イギリス王位継承順位(イギリスおういけいしょうじゅんい、英語: Line of succession to the British throne)は、グレートブリテンおよび北アイルランド連合王国(イギリス)および英連邦王国諸国の王位継承権者の順位である。
イギリスの王位継承順は1701年王位継承法により原型が定められ、2013年王位継承法で一部が改正された。これらの法律によって定められている王位継承の条件は以下の通りである。
ステュアート家の血を引いている者(ハノーファー選帝侯妃ゾフィーの子孫[1])に限る。 継承者は国王の直系子孫。2011年10月28日以降に誕生した者は、男女の性別を問わずに長子先継(第一子→第一子の子孫→第二子→第二子の子孫→……の順)。2011年10月27日以前誕生の者については改正前の兄弟姉妹間男子優先が適用される。 キリスト教徒でプロテスタント信仰であること。王位継承後、イングランド国教会・スコットランド国教会に帰属すること。 カトリック信徒ないしカトリックに転向した者は、継承権を喪失する。 非嫡出子は継承権が与えられない。
2011年10月28日にオーストラリアのパースで行われた英連邦王国首相会議で、カトリック信徒との結婚による王位継承権の喪失の条項の撤廃、また男女の別なく長子先継とする改正が合意された。この改正に関しては英連邦王国の各議会の議決と国王の裁可が必要であり(パプアニューギニアとツバルを除く)、各国で作業が行われた。2011年時点で継承権の最下位(4973位)はドイツ在住の女性カリン・ボゲルであった[2]。
2012年12月3日にケンブリッジ公爵ウィリアム王子(現在のウィリアム皇太子)の妃キャサリンの第一子懐妊が公表され、12月13日には英連邦首脳会議の合意に沿って王位継承法案が議会下院に提出された。世論は速やかな法案成立を待望しているなどとして、政府がその審議の促進を求めた結果、法案はわずかな修正を経て、2013年1月28日に下院を、4月22日には無修正で上院を通過し、4月25日に女王の裁可を得て2013年王位継承法が制定された[3]。2013年王位継承法は、2015年3月26日に発効した。
カトリック信徒との結婚で継承権を喪失していた者のうち、セント・アンドルーズ伯爵ジョージ・ウィンザーなどがこの改正により復権している。
※以下:(イギリス王位継承順位) 王位継承権者 (生年)。
歴代国王の子孫は各国の王室と婚姻関係を結んでいるため、非カトリック諸外国の王室・名家にも継承権者が存在する。これらの順位は、自身より上位の継承権保有者の誕生・死去、もしくはカトリックへの改宗などによって頻繁に変動する。もっとも、現イギリス王室とはかなりの遠縁のため、彼らがイギリス国王を継承する可能性は非常に低い。
その他、ルーマニア、セルビア(ユーゴスラビア)、ロシア、クールラント、ハノーファー、ジョージア、ブルガリア、ザクセン=ヴァイマル=アイゼナハなどの旧王家・名家にも継承権保持者がいる。
また、 スペイン国王アルフォンソ13世とヴィクトリア・ユージェニー公女が婚姻しているため、アルフォンソ13世の子孫は、全員が同時にヴィクトリア女王の子孫でもある。
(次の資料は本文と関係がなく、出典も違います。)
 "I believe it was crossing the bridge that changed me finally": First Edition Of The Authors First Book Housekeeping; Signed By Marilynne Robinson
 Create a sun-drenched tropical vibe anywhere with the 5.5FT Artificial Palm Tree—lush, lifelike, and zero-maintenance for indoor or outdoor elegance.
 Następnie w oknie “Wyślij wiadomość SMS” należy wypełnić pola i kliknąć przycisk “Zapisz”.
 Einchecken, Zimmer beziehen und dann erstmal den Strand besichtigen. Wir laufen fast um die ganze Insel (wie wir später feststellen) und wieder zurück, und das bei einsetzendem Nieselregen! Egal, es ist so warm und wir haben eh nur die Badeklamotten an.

更にコンスタンティノス2世の姉であるソフィア王女がヴィクトリア・ユージェニーの孫にあたるフアン・カルロス1世に嫁ぎ、スペイン王室にも継承者の血統が流れている。しかし、スペイン王室はカトリック信仰であり、前述の二人の継承者は何れも結婚に伴って自らカトリックに改宗しているため、子孫も含め継承権が無い。特にヴィクトリア・ユージェニーの婚姻においては、ヴィクトリア女王の子孫の殆どがプロテスタント各王室との婚姻を行う時代で異例のものであり、彼女がヴィクトリアの血を引くが故の血友病患児出生の可能性も含め出身両国で議論が噴出した。
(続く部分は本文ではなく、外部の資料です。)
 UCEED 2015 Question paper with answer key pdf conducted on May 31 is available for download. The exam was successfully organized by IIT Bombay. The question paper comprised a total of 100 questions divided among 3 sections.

なお、エリザベス2世の王配であるエディンバラ公フィリップもヴィクトリア女王の子孫であるため王位継承権を有していたが、2021年の薨去時点で第485位に過ぎず、彼自身の子孫の誰よりも下位にあった (ヴィクトリア女王 → ヘッセン大公妃アリス → ミルフォード・ヘイヴン侯爵夫人ヴィクトリア → ギリシャ王子妃アリス → エディンバラ公フィリップ)。